Matting, schmatting, it's just a carbon related word I remember reading! I'll look into 'granulated activated carbon' but I doubt any shops sell it, even the hydro stores push the off the shelf filters, not seen 'granulated activated carbon' on any of there websites.

Don't want to buy online for a) the obvious anti stealth reasons b) the numerous (you included I think, might have made that up!) stories of non-activated turning up.

Don't really want to buy seeds online either but I'll probably have to bite the bullet there!
 

kodman111

Member
I just wanted to stop by and give props yet again. I used the information from this post yesterday to setup my new PC fan. Made things a lot easier.
 

ScrubNinja

Grow like nobody is watching
Veteran
Strangely - I don't mean to alarm you, and don't look around whatever you do, but I think someone else may be in this thread besides us! :yoinks: Just messin'. Glad it helped, kod.

About the carbon - that looks perfect!
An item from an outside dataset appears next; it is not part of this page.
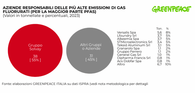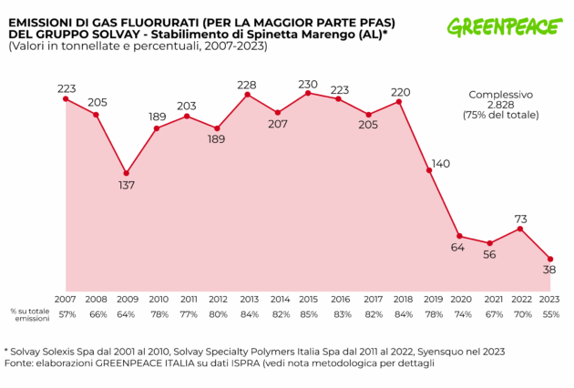 Proprio ad Alessandria, nella frazione di Spinetta Marengo “ha sede l’unica industria chimica italiana – la ex Solvay, oggi Syensqo – che produce ancora Pfas” spiega Greenpeace. Di recente, tra l’altro, il Tar del Piemonte ha dato ragione al Circolo Legambiente Ovadese Valli Stura e Orba, che ha ottenuto che la provincia e la società Syensqo Specialty Polymers Italy la documentazione sulle emissioni finora negata con giustificazioni di segreto industriale. In Italia, si ricorda, non esiste ancora una legge che vieti la produzione e l’utilizzo di Pfas, anche se di recente sono stati fatti diversi passi avanti per quanto riguarda i limiti per le acque potabili, ma rispetto ai gas fluorurati non esiste nessuna norma nazionale che stabilisca un tetto alle emissioni. Le uniche regole sul tema sono contenute nel Regolamento europeo F-Gas del 2014, aggiornato nel 2024, che stabilisce la progressiva riduzione dell’utilizzo di gran parte di queste sostanze entro il 2030. Secondo il regolamento, però, spetta agli Stati membri l’organizzazione dei controlli e la definizione di sanzioni penali ed amministrativo. “Come si evince chiaramente dalla classifica degli stabilimenti per valore di emissione, quello di Spinetta Marengo è responsabile delle più importanti emissioni di F-gas a livello nazionale” racconta Greenpeace. Nel 2023 ha generato il 55% dell’inquinamento italiano legato ai F-gas. “Il residuo 45% di queste emissioni – spiega l’one – è ripartito tra diversi gruppi e realtà industriali, tra cui in prima linea Versalis, il braccio ‘chimico’ di Eni. In alto, nella classifica troviamo anche Lfoundry, Alkeemia e STMicroelectronics”. Stando alle elaborazioni realizzate da Greenpeace Italia, il primato dell’ex Solvay rispetto a tutte le altre aziende che emettono F-gas dura da molto tempo: “Questo gruppo industriale ha emesso da solo, nell’arco di sedici anni, più della metà dell’inquinamento italiano relativo a questi composti”.

That's a very similar price as the local supply I found - AKA "finishing carbon" at a home brew store. I think 1kg would probably be enough if you use the 15 x 30cm area

I use fibreglass or metal insect screen or fly mesh however you want to call it - works great. Just wash the carbon first as it massively reduces carbon dust and finer pieces falling thru the screen to basically zero, and just makes it a lot more pleasant to handle and breathe. The carbon pad is a good choice to use as a pre-filter so your carbon doesn't get clogged up with dust. With so much air being forced through the filter 24/7 it's jaw dropping how much debris collects even after a week, let alone 3 months.
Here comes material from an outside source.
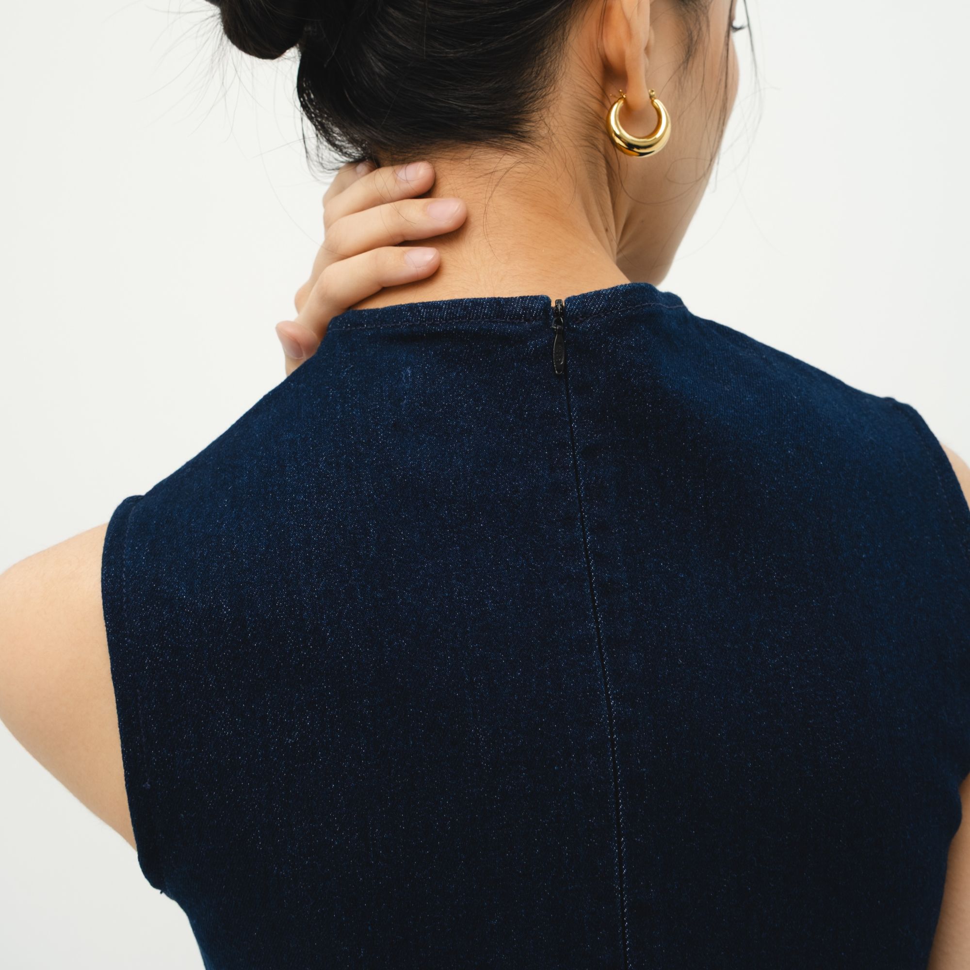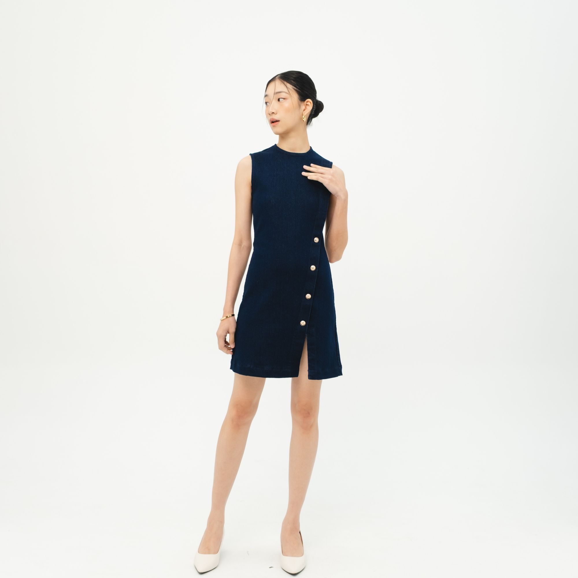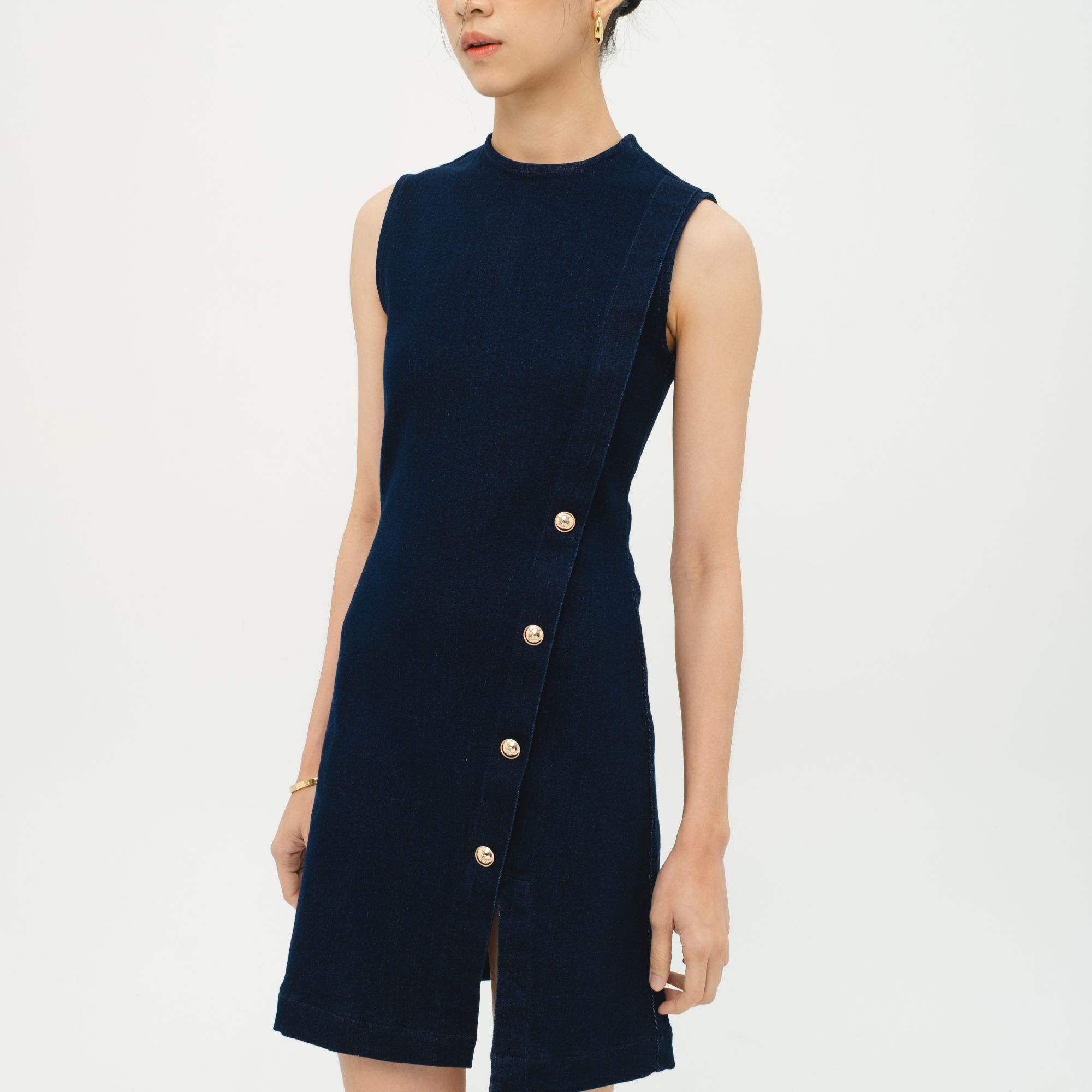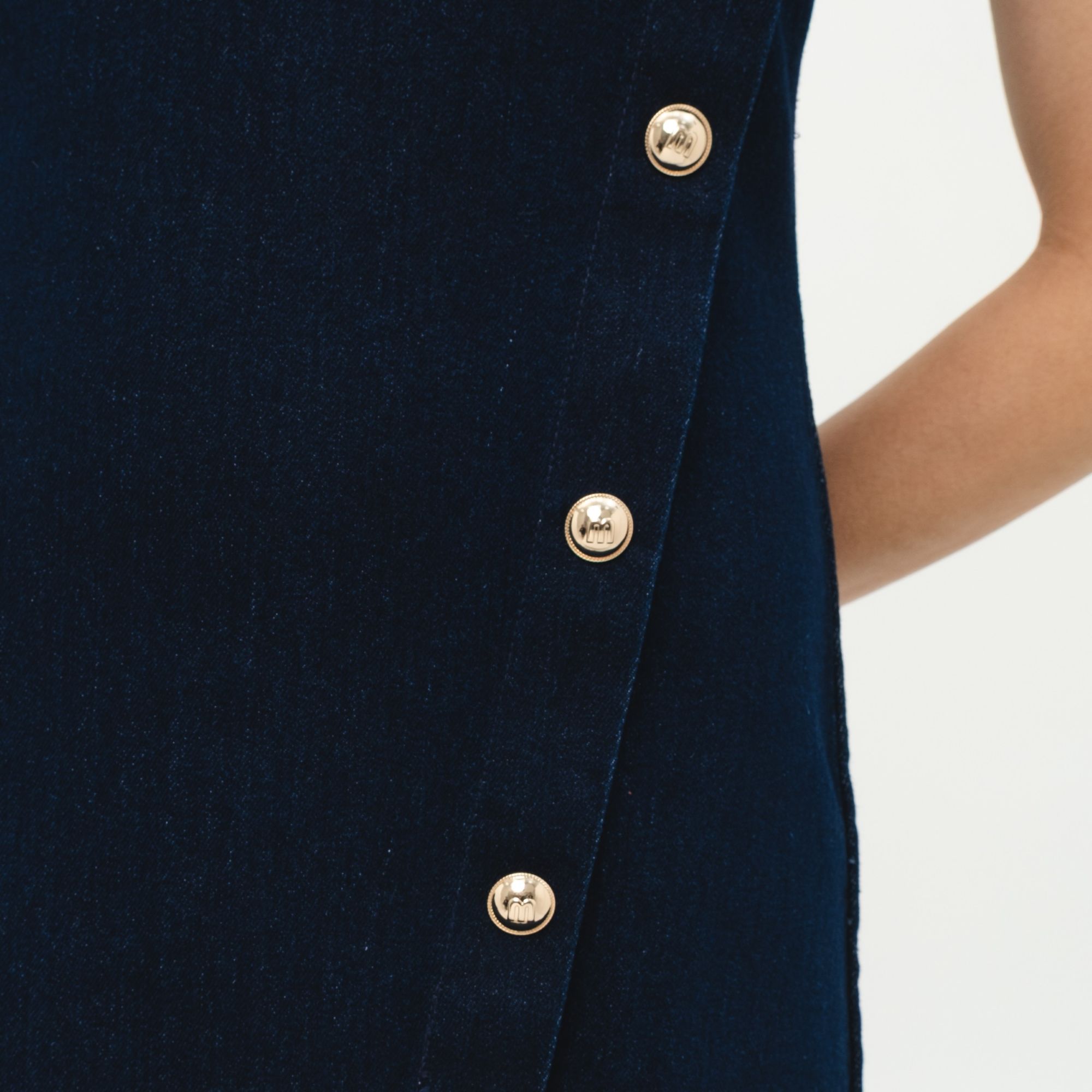 Sleeveless dress with a flattering front slit and gold buttons featuring the Maja logo. The stretchy denim keeps it cool and comfortable while still looking elegant.

Oh and I dunno wtf was going on but yes, I had some very annoying problems with obtaining true activated carbon from local pet stores and online pet stores. I have no idea why but it's very very rare to see activated carbon in a pet store here, and when there is some, it's the pelletised type. All the carbon is regular non activated. It's crazy but that's just how it is. The only possible reason I can think of is that not many people do salt water fish here because expensive chillers are needed. So maybe activated carbon is only used for salt water aquariums...or something?

:abduct:
 

ScrubNinja

Grow like nobody is watching
Veteran
Hey btw you might be right about the posts and changing avatar, not sure. In my Edit Avatar it gives "Option 2 - Upload Image From Your Computer". I had to delete the old one before it'd show the new one.

I just changed mine, cheers :D

and also...

picture.php
 

Strangely

Member
hahaha yeah sorry mate, I was monopolising you there somewhat eh!!
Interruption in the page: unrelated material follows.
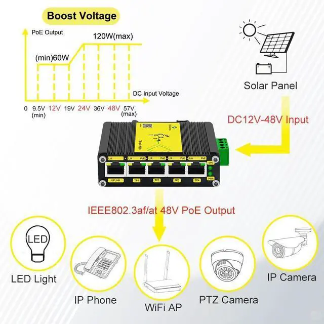 :Standard POE supply in RV/Vehicle/Truck/Bus (DC12V input), VoIP/Access control systems (DC24V input), solar power system (DC12V/DC18V/DC36V input).

Not got much insect screen options about on our wet little island. But I get what you mean, I'll keep my eyes peeled, same goes for the carbon pad, and see if I can pick up what I need on the highstreet.

Stoked you're Laser-Cat!! I'll have another look around the avatar setting once I've racked up 50+ posts...

Cheers for all your help!!! I let the others get a word in now! ;)
 

ScrubNinja

Grow like nobody is watching
Veteran
Some links

Thermaltake XTuner IR Wireless Fan Controller - I was ready to snap this up but I doubt it works through walls like I want.

Youtube is actually good for something other than cats playing the organ. Type in your prospective fan purchase and a review may be there.

3DGAMEMAN is my favourite reviewer because like, wtf. I was thrilled to see he had reviewed the Cooler Master Aero 7+. Mine didn't come with any of that, just the fan and connected speed dial. Not even a knob for the dial. :puppydoge

DIY Speed Controller - simpler to buy one but someone may be interested.

An interesting article on general (larger scale) ventilation by DJ Short:

Let Them Breathe

Written By: DJ Short


----------------------------------------------------------------------------------

Proper ventilation and air circulation are essential to growing healthy, happy plants.

An important aspect to consider when growing plants indoors is proper ventilation, air circulation and temperature control. This practice becomes especially necessary when working with lights over 400 watts, in very small spaces, any time the temperature exceeds 32°C (90°F), or if the humidity gets too high.

The Perfect Temperature
Though sense of feel is adequate to gauge the "perfect climate" for a given plant, there is no real substitute for a thermometer and humidity gauge.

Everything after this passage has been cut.